* GIVEN MATERIAL:
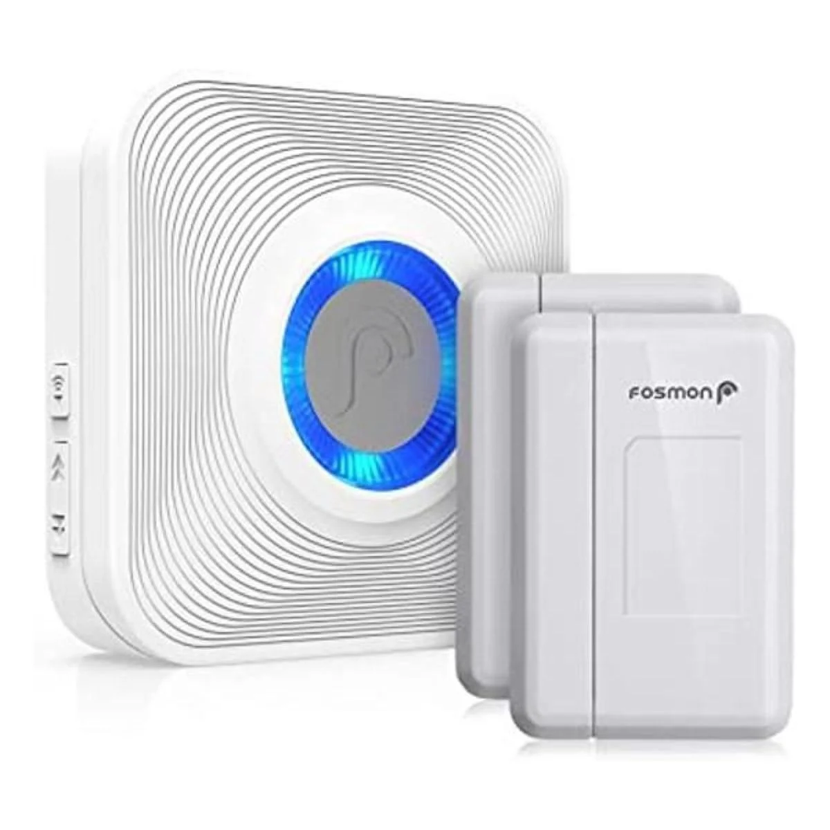 Fosmon Wavelink 51007HOM Timbre inalámbrico para puerta 500 pies, 52 sintonías, 4 niveles de volumen, indicadores LED con dos sensores de contacto de seguridad de alerta de entrada de puerta magnética, 1 receptor inalámbrico para timbre
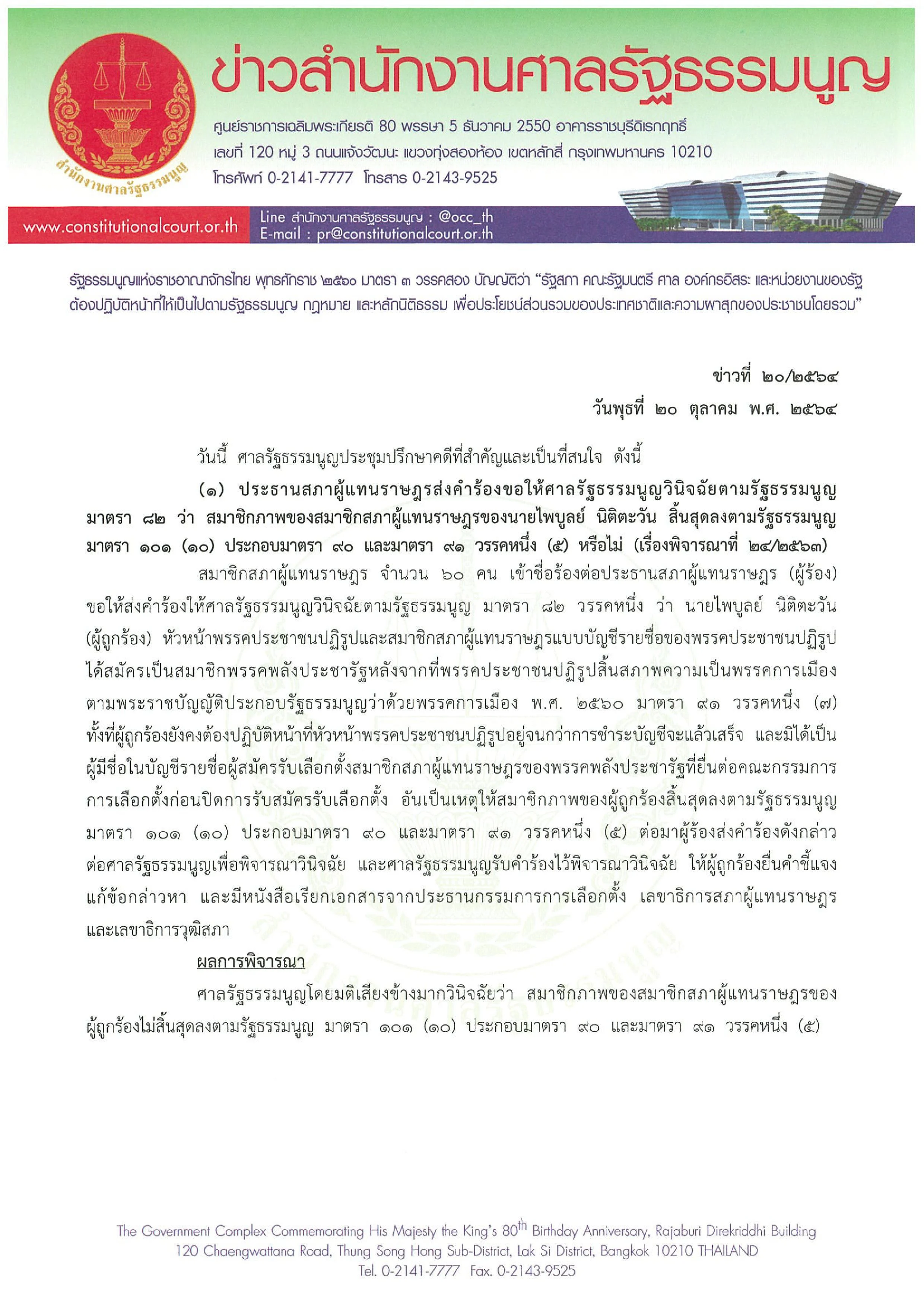 วันที่ 20 ต.ค. 2564 เวลา 15.22 น. ศาลรัฐธรรมนูญออกนั่งพิจารณาเพื่ออ่าน คำวินิจฉัย เรื่อง ประธานสภาผู้แทนราษฎร ส่งคำร้องขอให้ศาลรัฐธรรมนูญวินิจฉัยตามรัฐธรรมนูญ มาตรา 82 ว่า สมาชิกภาพของ สมาชิกสภาผู้แทนราษฎร ของนายไพบูลย์ นิติตะวัน สิ้นสุดลงตามรัฐธรรมนูญมาตรา 101 (10) ประกอบมาตรา 90 และมาตรา 91 วรรคหนึ่ง (5) หรือไม่
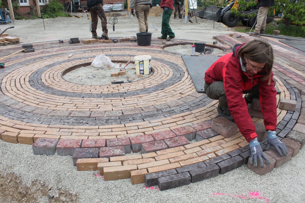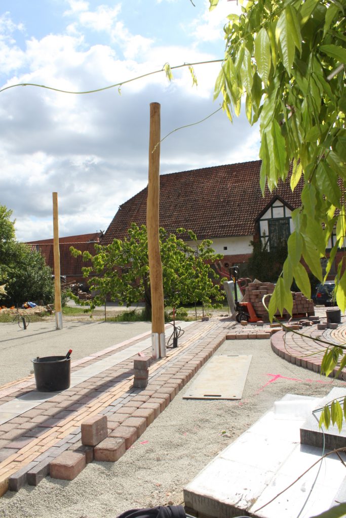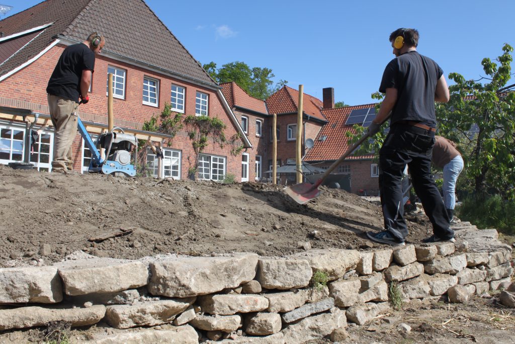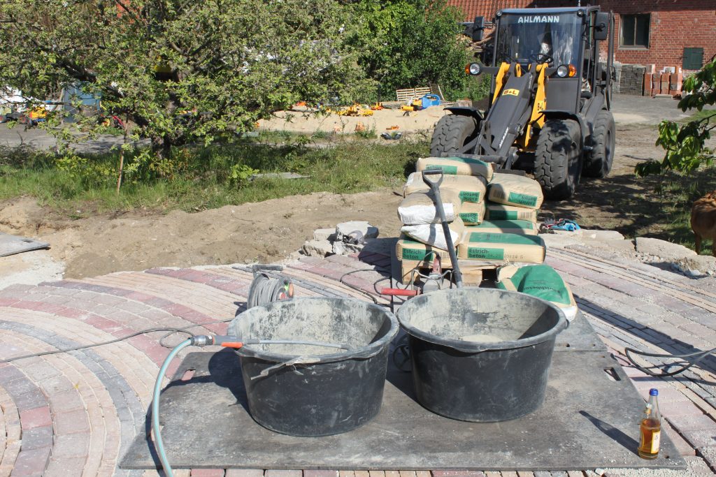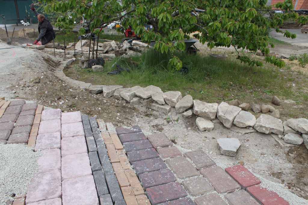 Und wir verwenden natürlich nicht nur langweilige graue monotone Pflastersteine. Der Baustoffhandel Mölders hat uns sogenannte Restepaletten verschiedenster Pflastersteine gespendet. Diese wären ansonsten entsorgt worden und sorgen nun dafür, dass wir uns beim Muster der Pflasterung kreativ ausleben können. Vielen Dank dafür!
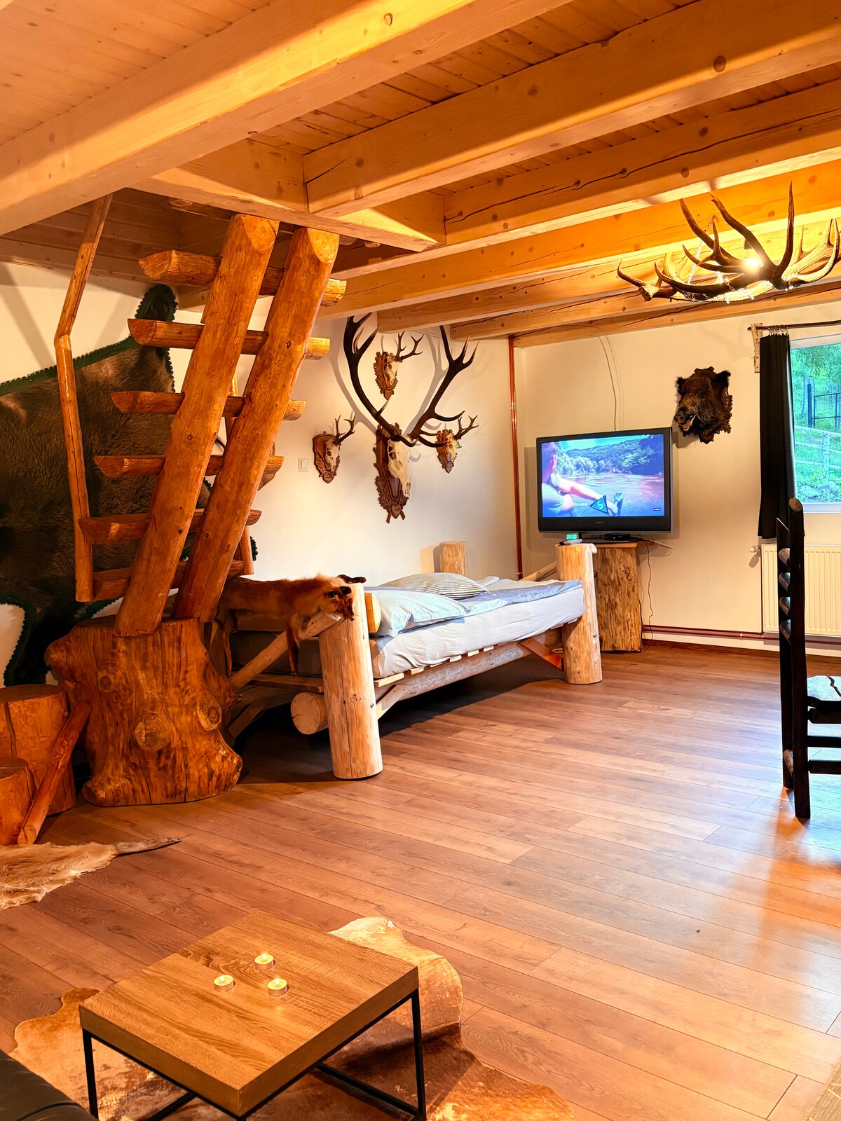 A Vadászlak ideális választás a pihenésre vágyóknak: nyugodt környezet, lenyűgöző kilátás, tágas tér és halastavak várják a természet szerelmeseit. Dézsával, az ár tartalmazza. Túrázási lehetőségek, turisztikai látnivalók és terepjárós kalandok teszik teljessé az élményt. Az otthonos hangulatú ház igazi feltöltődést nyújt. A közelben élelmiszerbolt, étterem, valamint igényelhető reggeli biztosítja a kényelmet. Ne hagyd ki ezt a különleges ajánlatot, és élvezd a pihenés minden pillanatát!

* TASK INSTRUCTIONS: Without including any picture, write out the material above verbatim.

* EXERCISE RESULT:
 Fosmon Wavelink 51007HOM Timbre inalámbrico para puerta 500 pies, 52 sintonías, 4 niveles de volumen, indicadores LED con dos sensores de contacto de seguridad de alerta de entrada de puerta magnética, 1 receptor inalámbrico para timbre
 วันที่ 20 ต.ค. 2564 เวลา 15.22 น. ศาลรัฐธรรมนูญออกนั่งพิจารณาเพื่ออ่าน คำวินิจฉัย เรื่อง ประธานสภาผู้แทนราษฎร ส่งคำร้องขอให้ศาลรัฐธรรมนูญวินิจฉัยตามรัฐธรรมนูญ มาตรา 82 ว่า สมาชิกภาพของ สมาชิกสภาผู้แทนราษฎร ของนายไพบูลย์ นิติตะวัน สิ้นสุดลงตามรัฐธรรมนูญมาตรา 101 (10) ประกอบมาตรา 90 และมาตรา 91 วรรคหนึ่ง (5) หรือไม่
 Und wir verwenden natürlich nicht nur langweilige graue monotone Pflastersteine. Der Baustoffhandel Mölders hat uns sogenannte Restepaletten verschiedenster Pflastersteine gespendet. Diese wären ansonsten entsorgt worden und sorgen nun dafür, dass wir uns beim Muster der Pflasterung kreativ ausleben können. Vielen Dank dafür!
 A Vadászlak ideális választás a pihenésre vágyóknak: nyugodt környezet, lenyűgöző kilátás, tágas tér és halastavak várják a természet szerelmeseit. Dézsával, az ár tartalmazza. Túrázási lehetőségek, turisztikai látnivalók és terepjárós kalandok teszik teljessé az élményt. Az otthonos hangulatú ház igazi feltöltődést nyújt. A közelben élelmiszerbolt, étterem, valamint igényelhető reggeli biztosítja a kényelmet. Ne hagyd ki ezt a különleges ajánlatot, és élvezd a pihenés minden pillanatát!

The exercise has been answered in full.